Does the NBA have an antitrust problem? A rival basketball league may think so.


Authors: Luke Hasskamp & Molly Donovan

NBA action is FAN-TASTIC! Unless, of course, the action is one brought by the Department of Justice in a different kind of court. But that may be exactly where the NBA finds itself: the DOJ is reportedly investigating the professional basketball association for alleged antitrust violations. The NBA’s alleged anticompetitive conduct targeted Big3, a competitive basketball league founded by Ice Cube and entertainment executive Jeff Kwatinetz (with Clyde Drexler serving as commissioner!). That conduct included allegedly pressuring team owners, current NBA players, and advertisers and partner television networks not to do business with Big3.

Big3 is an aptly named 12-team, 3-on-3 league mostly comprised of retired NBA players. Teams play an eight-week season, followed by a two-week, four-team playoff, all during the NBA’s off-season. In 2023, the Big3’s regular season was held once a week in Chicago, Dallas, Brooklyn, Memphis, Miami, Boston, Charlotte, and Detroit, and the finals were held in London, England.

We’ve previously written about antitrust laws in the sports arena, including the infamous antitrust exemption in professional baseball. But baseball is an anomaly in that regard, as all other professional sports in the United States are subject to federal antitrust laws. (Professional football, baseball, basketball, and hockey are statutorily exempted from antitrust laws for negotiating television broadcast rights. See 15 U.S.C. § 1291.) Thus, antitrust liability is fair game for the NBA.

And, as this story broke, another recent antitrust case jumped to mind: that involving the PGA Tour and LIV Golf, when the PGA Tour faced antitrust scrutiny for its decision to suspend players who played for a would-be competitor league. The NBA dispute has many parallels to the PGA Tour case, though with some notable differences too, even though most details are not public.

To consider the legal nuts and bolts a bit, let’s look at what a Section 1 and Section 2 claim against the NBA might look like.

Section 1 of the Sherman Act – Unlawful Agreements

Federal antitrust laws (Section 1 of the Sherman Act) make it unlawful for two or more actors to enter agreements (conspiracies) to restrain trade or competition in the market. Classic examples include price fixing and group boycotts.

Here, the leading legal theory may be the group boycott. Under that theory, the NBA would have entered into one or more agreements with other entities to thwart Big3’s emergence and growth in the market.

One of the improper agreements reported here is between the NBA and the owners of each of its 30 teams, with the NBA allegedly instructing owners to not invest in the fledgling competitor. (An agreement between a sports league and its individual teams can implicate Section 1 of the Sherman Act, as was the theory in the recently-settled litigation against MLB involving the contraction of minor league teams.) The reports also suggest that the NBA may have persuaded sponsors and other business partners to agree to avoid doing business with Big3.

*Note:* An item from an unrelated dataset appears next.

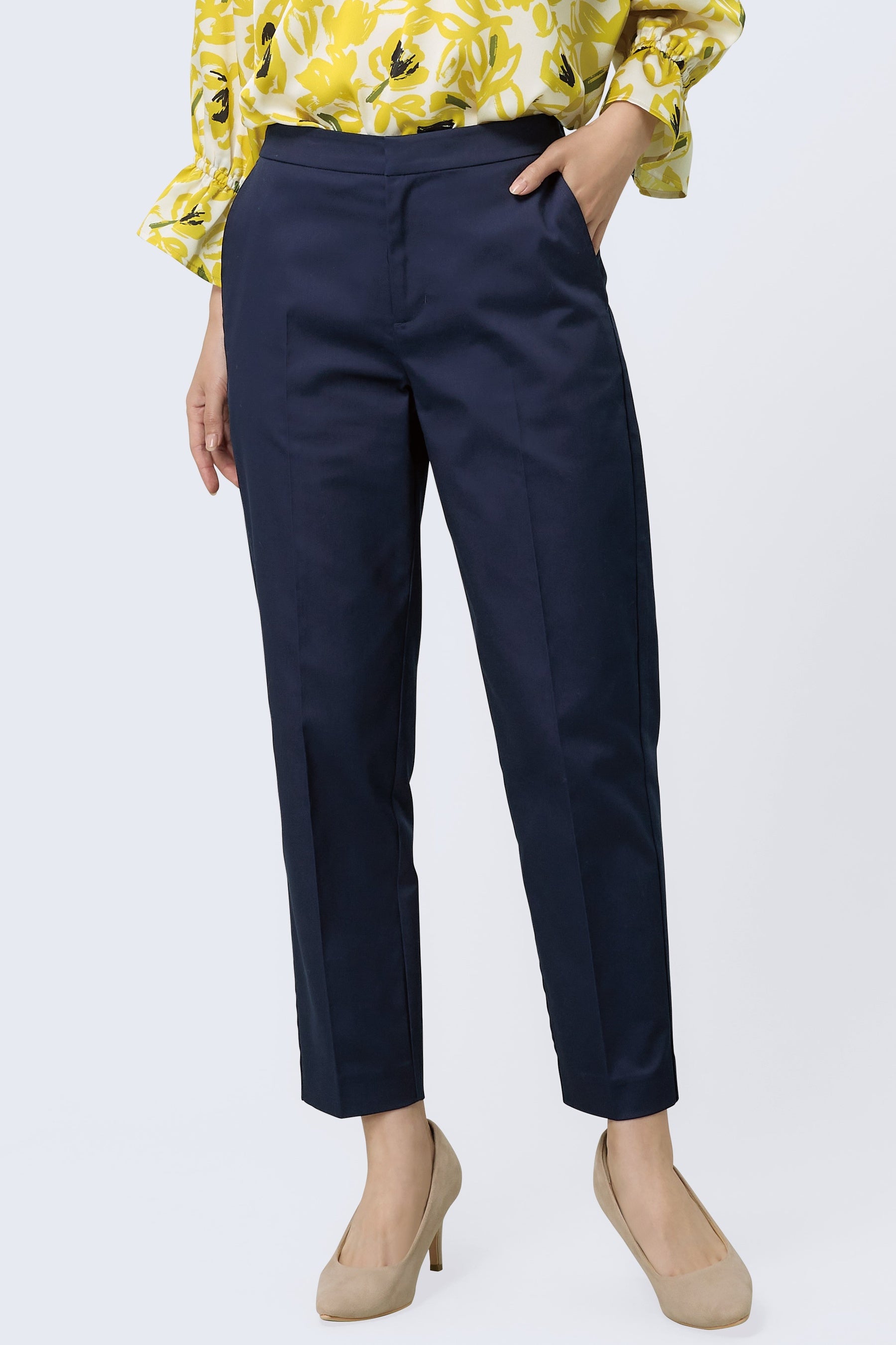 綿混のやわらかな触感と程よいつや感のある素材のテーパードパンツ。センタープレスが利いてきちんと見えしながらも、ウエストがゴムでストレッチも利いているため、はきやすさと綺麗さが両立されています。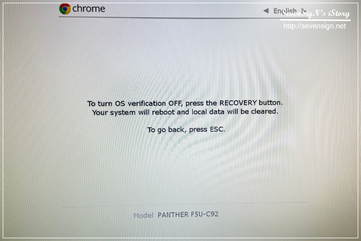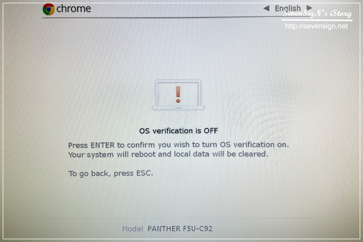 이런 화면을 만나게 되는데요, 이 상태에서 Ctrl + D를 누른 후에 메시지가 바뀌면 리셋버튼만 한번 눌러줍니다. (만약 이미 개발자 모드 진입 과정이 진행중인 상태면 느낌표 화면에서 Ctrl + D가 눌러지지 않습니다. 아래 엔터를 누르는 화면 진행 후 다시 시작하시는게 속편해요)

Section 2 of the Sherman Act – Monopolization 

Federal antitrust laws also make it illegal for a monopolist to preserve its dominant market position through anticompetitive conduct. And this section of the Sherman Act does not require collusion with another party—a single actor can incur liability.

Here, the NBA sure looks like a monopoly (or monopsony). It’s the dominant actor in the professional basketball market in the United States, with revenues exceeding $10 billion per year. (While we generally assume that the relevant geographic market is the United States, even if we were to consider the entire world, the NBA may still be a monopolist.) In professional basketball, there is no rival to the NBA. If you are an elite basketball player in the United States, the NBA is pretty much the only place to play (even if you include the Big3).

But the NBA’s status as a monopoly is not unlawful on its own. It’s fine for a business to emerge as a dominant market player through lawful means, such as through “a superior product, business acumen, or historic accident.” United States v. Grinnell Corp., 384 U.S. 563, 570­71 (1966).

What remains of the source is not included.